Now and again in Hervanta you see in the midst of a housing estate a huge stone the size of a house, which is a reminder that the entire place is built on bedrock. So was Jerusalem and much of the surrounding area. And on top of this bedrock was hard clay, clay which is described in the book of Leviticus as being as hard as iron. Winter was no good for building as this clay then turned into mud. There was not short cut, to build a solid foundation you had to hammer away at the clay and get to the bedrock. In 1991 an apartment in Jerusalem collapsed. Investigations revealed that the builders had not gone down to the bedrock, there had been a water leak, the remaining clay had turned to sludge and the house had fallen. No short cuts in Jerusalem in Jesus’ time or now. You have to hammer through the hard clay and get to the bed rock and build a solid foundation.

 

And so it is for those of us building new promised lands, new cities in our day. You know we do not have the dis-ease that use to be in our cities, cholera, typhus, and many other infectious diseases. We’ve conquered many of them. But we do have ill-ease. Ill ease with crime, ill ease with anti social behaviour, ill ease with people who dress differently speak differently from us, ill ease with those have a different faith, appear to have a different framework of ethics. But in the same way that great Victorian sanitary reformers conquered the dis ease, we need great twenty first century reformers to conquer this ill ease.

 

And it already begins. I spoke of the projects in Finland. Think of those projects you have in Halifax; Action Halifax, the interfaith council, Calderdale Metropolitan Borough Council, your Parochial Church council, this congregation.
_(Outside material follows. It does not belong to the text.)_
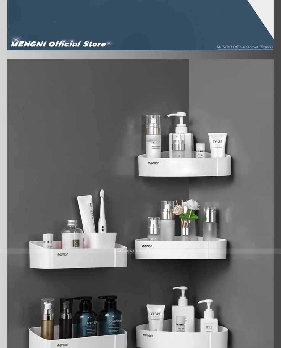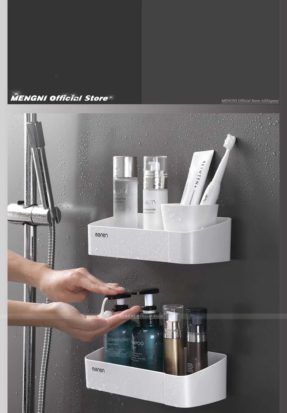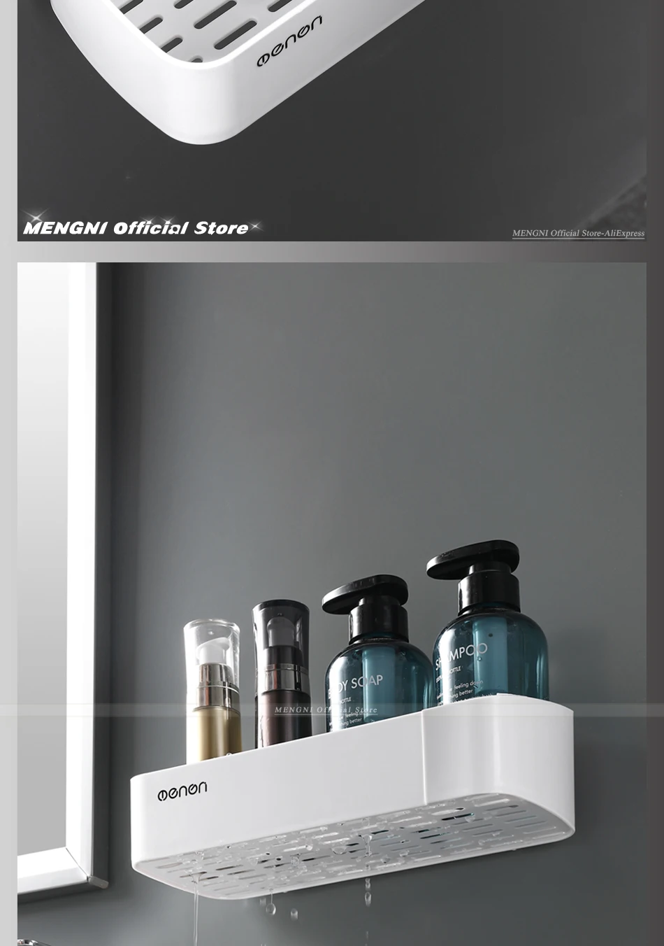 MENGNI-Waterproof Wall-mounted Plastic Storage Shelf Shower Product Holder Kitchen Storage rack Bathroom Accessories sets

You are the builders of the New Jerusalem in this green and pleasant land. On this urban Sunday we rekindle our efforts to live like our ancestors when they moved into a new place. Don’t let the place inflict on you, inflict your desires, your noble aspirations, and hopes on the place. Don’t passively let the future happen in spite of your noble desires, shape the future because of your desires and make that future now.

 

When Jesus had ascended in heaven, his apostles were told to stay in the city until you are clothed with power from on high. We who stay in the urban in the city in our day have received that promised clothing. We not only hear the words of Jesus in our gospels. we act on them. We place these words in our heart and soul. We armed with the power of the Holy Spirit, resourced with God’s words, strengthened by his sacraments, most especially his sacrament of the Eucharist can get out there and make a difference, to create the heavenly Jerusalem. One built on rock.